San Francisco-based World Labs’ AI-based tool, Marble, enables users to create 3D environments and objects from images, video or text.
In the blog post, Anagnost focused on the future of physical-world AI, or AI that can impact how humans design and build structures in the real world.
Alongside that emphasis, Anagnost called out the groundswell of funding that’s heading toward other, more common facets of AI, such as hyperscalers and large language models. Anagnost said that Autodesk’s investment signals something else.

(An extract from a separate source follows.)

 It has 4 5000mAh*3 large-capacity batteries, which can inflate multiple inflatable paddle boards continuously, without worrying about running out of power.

“Our investment in World Labs represents a different path, focused on solving the hardest problems in designing, building, and operating the physical world, guided by human needs and domain expertise rather than scale alone,” Anagnost wrote.
Indeed, startups that have focused on AI for real-world tools have seen success. Irvine, California-based FieldAI, a startup that focuses on physical artificial intelligence for robots, announced over the summer that it had raised $405 million across two consecutive funding rounds.

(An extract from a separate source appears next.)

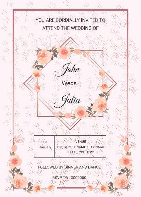 Fully editable, downloadable wedding invitation PDF or whatsapp card design.

Other investors in World Labs include AMD, Emerson Collective, Fidelity Management & Research, NVIDIA and Sea, according to World Labs’ news release.
NVIDIA in particular has been active in the construction space. Through its venture capital arm NVentures, the company participated in FieldAI’s funding rounds and the $270 million Series B of Bedrock Robotics, which retrofits traditional heavy machinery with autonomous technology.
With Autodesk’s investment into World Labs, the firm will also serve as a strategic advisor. In that role, Autodesk will focus on exchanging ideas and strengthening its long-term AI foundation, per Anagnost’s blog post.
Autodesk sees robotics and physical AI becoming more embedded in construction workflows, Lalith Subramanian, global vice president of product and engineering, told Construction Dive via email.
“As AI becomes capable of reasoning in 3D, it will power more intelligent automation across the built environment—from design and prefabrication to progress tracking during construction, to inspection, reality capture, and digital twins,” Subramanian said.
The investment follows staff reductions at the contech giant. On Jan. 22, Autodesk announced that it would lay off approximately 7% of its workers globally, or around 1,000 jobs. The impact was most felt in its customer-facing sales teams.